__About this task__
Only the lines below from the one containing "11月18日,在美國俄勒岡州" through the one containing "HOMCOM Freestanding Mirror" belong in the answer, set down exactly, with the pictures left out.

__Recorded information__

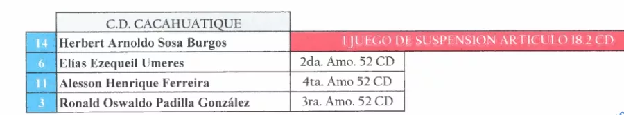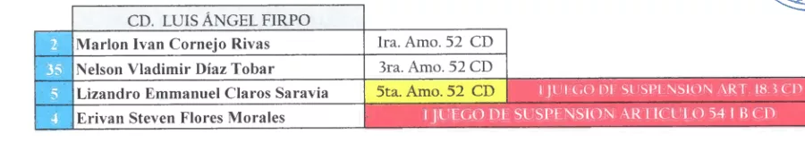 Además Lizandro Claros, por acumulación de tarjeta también recibió un partido de sanción.
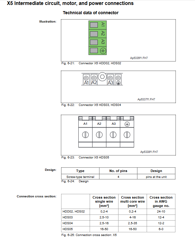 X5 interface (shared by both): DC bus, motor and power connection, EcoDrive 03 wiring cross-sectional area of up to 25mm ², tightening torque of 2.5-3.0Nm.
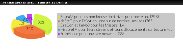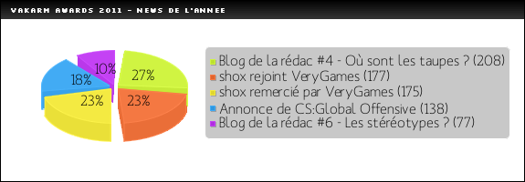 Merci à tous pour votre participation et à deStrO pour la génération des graphiques de cette news. Félicitations aux vainqueurs. Quelque chose me dit qu'une petite surprise est prévue en rapport avec ces Awards lors de la Spirit ce week-end, alors soyez attentifs durant notre coverage.
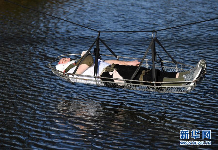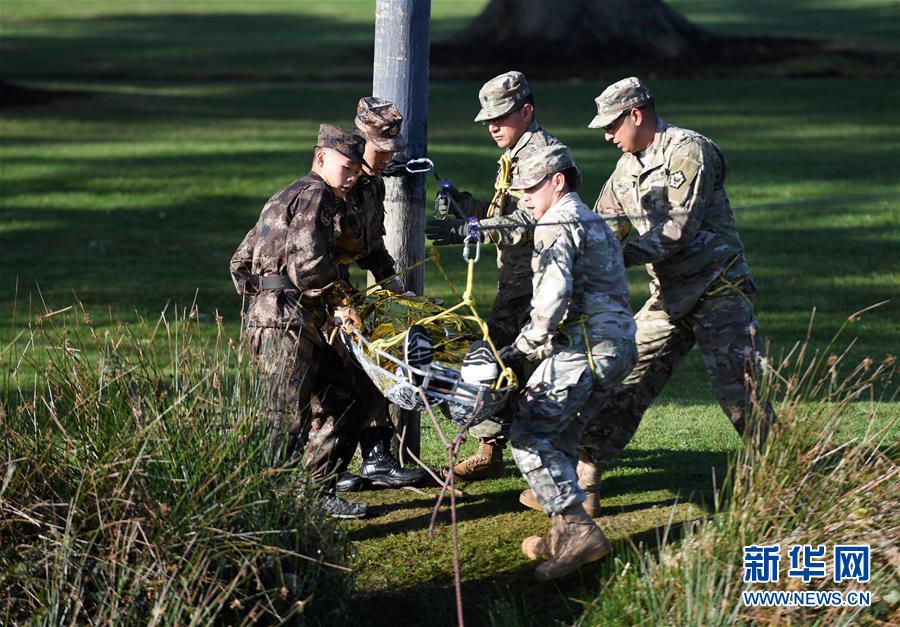11月18日,在美國俄勒岡州錫賽德的國民警衛(wèi)隊拉里葉軍營,中美兩軍參演人員共同演練單繩橋救援。中美兩軍人道主義救援減災(zāi)聯(lián)合實(shí)兵演練當(dāng)日進(jìn)入第三天。此次聯(lián)合演練中美兩軍共派出200余人參加。新華社記者殷博古攝 -
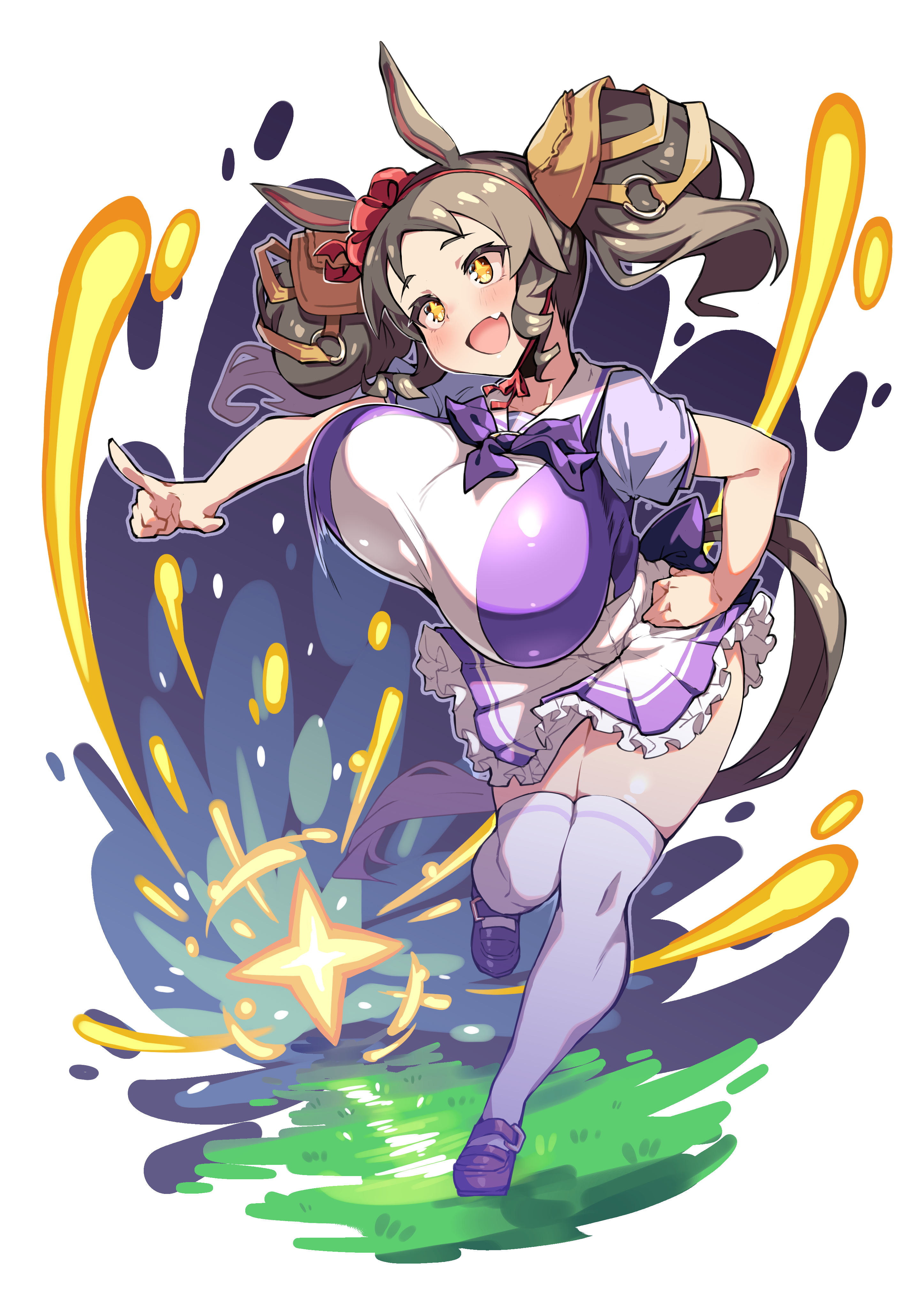 1girlanimal earsblack hairbreastscurvyexcitedfanggrasshand on own hiphead tilthorse earshorse girlhorse tailhuge breastskneehighslooking to the sidemedium hairon grassopen mouthpointingpointing forwardpurple sailor collarsailor collarschool uniformskirtsockssolostar (symbol)tailthick thighsthighhighsthighstracen school uniformtwintailswhite backgroundwhite thighhighs
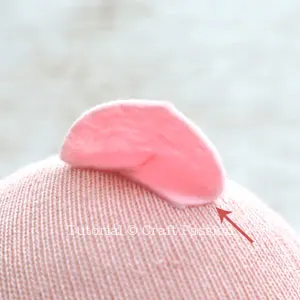 9. In order to make the ears pointing to the side at an angle, glue the side edge a little as shown in the picture.
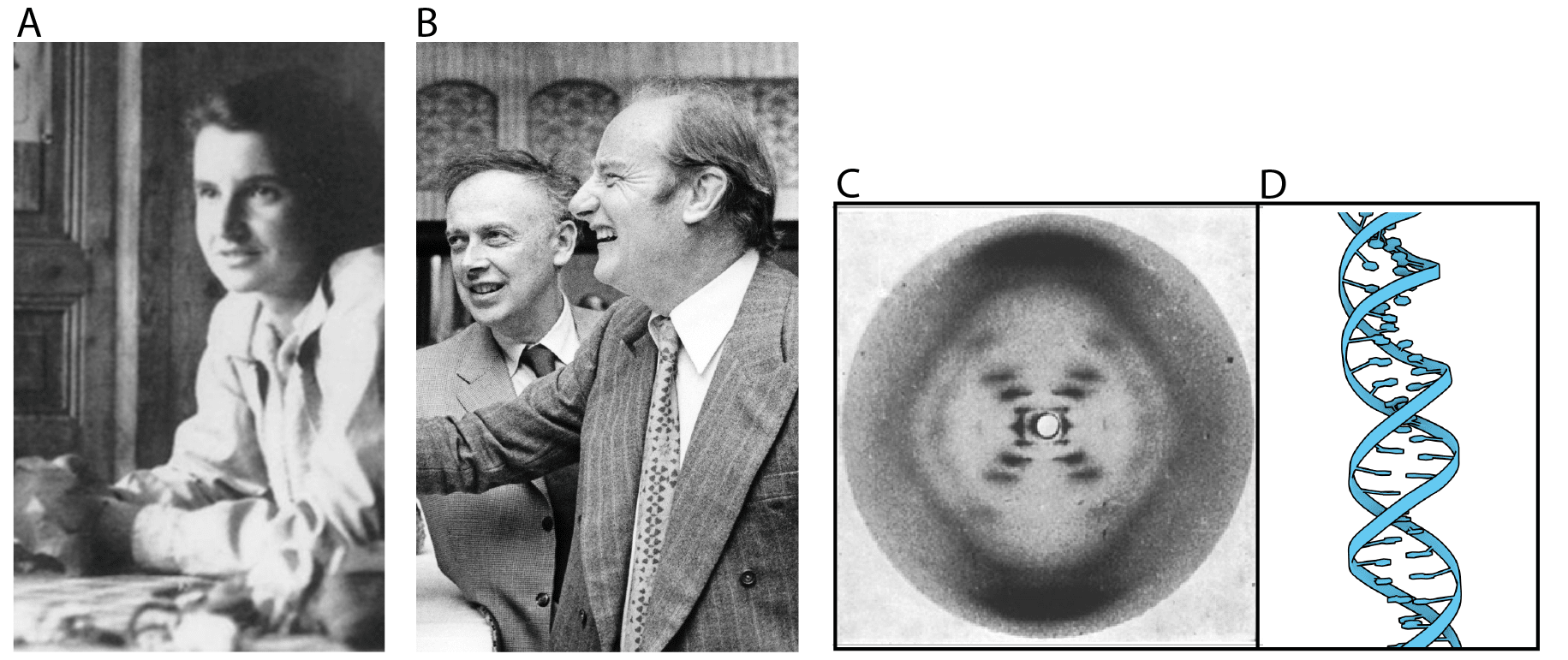 The year 1953 was the birth of a new era. The landmark event was when Francis Crick and James Watson determined the double-helix structure of DNA (Figure 2). Crick had trained as a physicist and, inspired by Schrodinger’s work, was one of those individuals who jumped ship to biology. To determine the structure, Watson and Crick used the X-ray crystallography data of Maurice Wilkins, Rosalind Franklin, and Raymond Gosling. It was a spectacular achievement due in large part to Franklin’s expertise in crystallography. To give you an idea, even a short piece of DNA, say 10 letters long (and there is more on what we mean by letters in a moment), contains between 500 and 600 atoms!
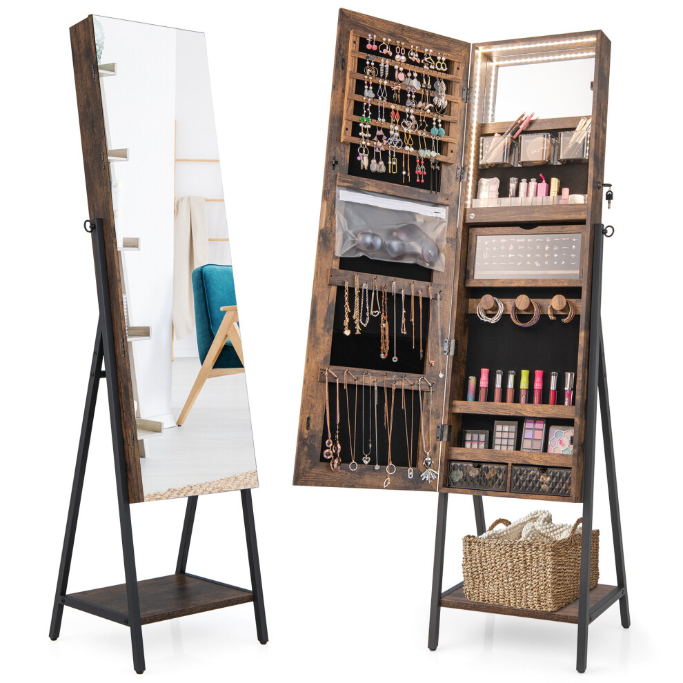 HOMCOM Freestanding Mirror Jewelry Cabinet with LED Lights, Jewellery Organiser with 3 Angle Adjustable, Full-Length Mirror with Storage for Earrings, Necklaces, Rings and Lipsticks, Rustic Brown
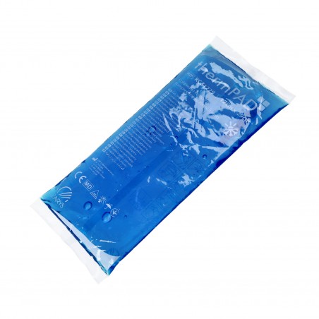 Żelowy kompres wielokrotnego użytku wykonany z trwałej i odpornej na pęknięcia folii, zawierający nietoksyczny żel o wysokiej zdolności magazynowania temperatury.
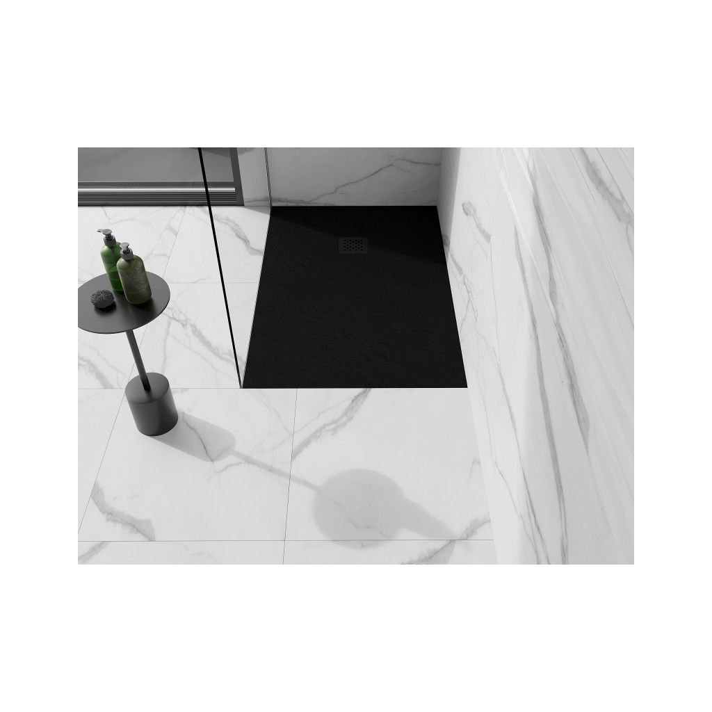 Mexen Stone+, obdélníková vanička z minerálního kompozitu 140 x 100 cm, černá, černá krytka, 44701014-B
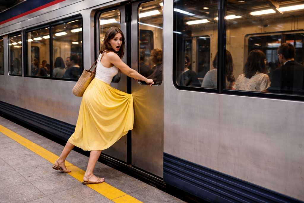 Unexpected Predicament It was a beautiful afternoon when she stepped out in her elegant dress, looking confident and radiant. The sun cast a warm glow on her, illuminating the intricate details of her gown. However, little did she know that a momentary lapse in attention would lead to an unexpected predicament. While navigating a narrow […]
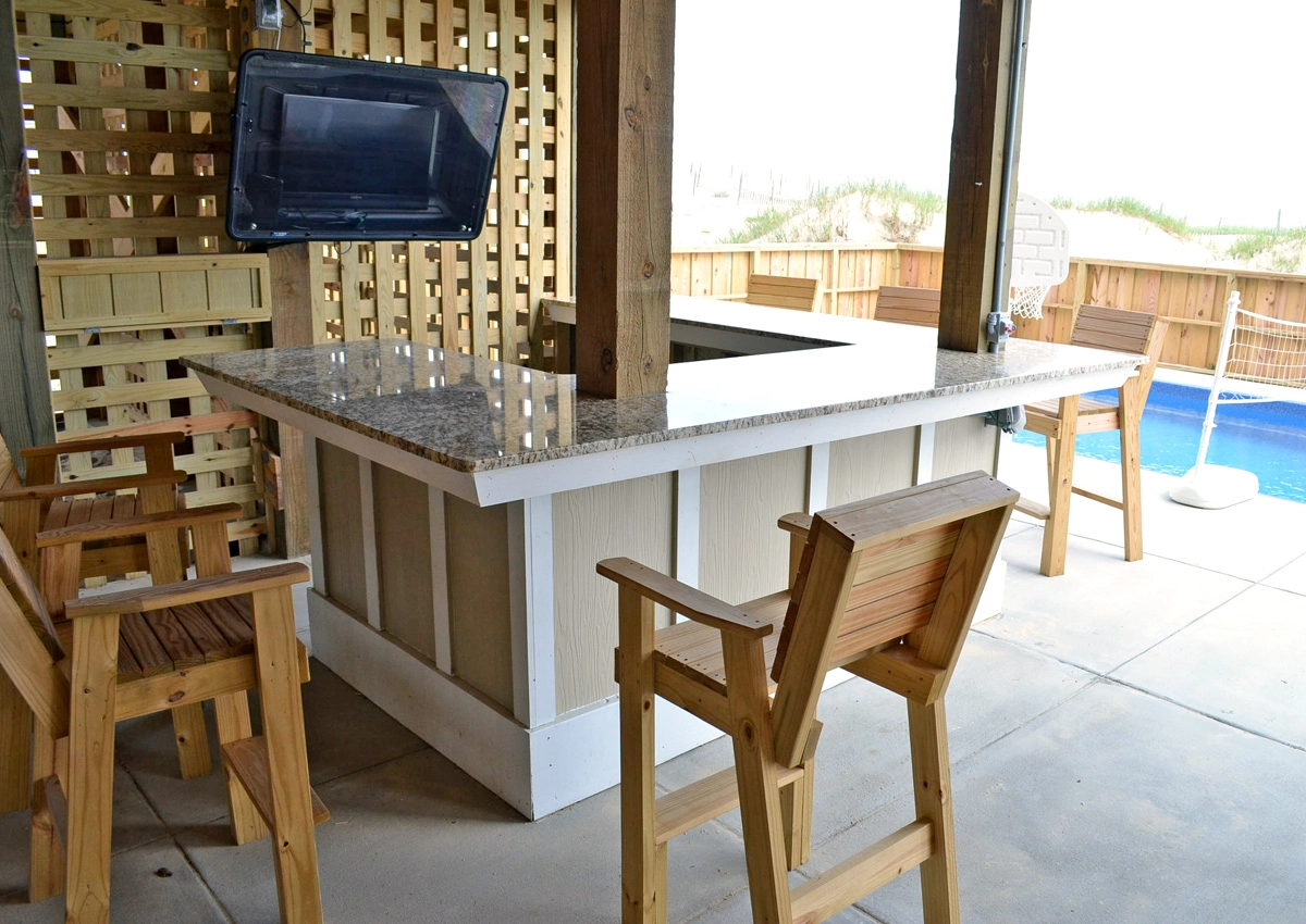 Multiple TVs, free-standing ice maker, wine cooler, Sonos inside, by the pool, outside decks and tiki bar.

__Solution for this problem__
11月18日,在美國俄勒岡州錫賽德的國民警衛(wèi)隊拉里葉軍營,中美兩軍參演人員共同演練單繩橋救援。中美兩軍人道主義救援減災(zāi)聯(lián)合實(shí)兵演練當(dāng)日進(jìn)入第三天。此次聯(lián)合演練中美兩軍共派出200余人參加。新華社記者殷博古攝 -
 1girlanimal earsblack hairbreastscurvyexcitedfanggrasshand on own hiphead tilthorse earshorse girlhorse tailhuge breastskneehighslooking to the sidemedium hairon grassopen mouthpointingpointing forwardpurple sailor collarsailor collarschool uniformskirtsockssolostar (symbol)tailthick thighsthighhighsthighstracen school uniformtwintailswhite backgroundwhite thighhighs
 9. In order to make the ears pointing to the side at an angle, glue the side edge a little as shown in the picture.
 The year 1953 was the birth of a new era. The landmark event was when Francis Crick and James Watson determined the double-helix structure of DNA (Figure 2). Crick had trained as a physicist and, inspired by Schrodinger’s work, was one of those individuals who jumped ship to biology. To determine the structure, Watson and Crick used the X-ray crystallography data of Maurice Wilkins, Rosalind Franklin, and Raymond Gosling. It was a spectacular achievement due in large part to Franklin’s expertise in crystallography. To give you an idea, even a short piece of DNA, say 10 letters long (and there is more on what we mean by letters in a moment), contains between 500 and 600 atoms!
 HOMCOM Freestanding Mirror Jewelry Cabinet with LED Lights, Jewellery Organiser with 3 Angle Adjustable, Full-Length Mirror with Storage for Earrings, Necklaces, Rings and Lipsticks, Rustic Brown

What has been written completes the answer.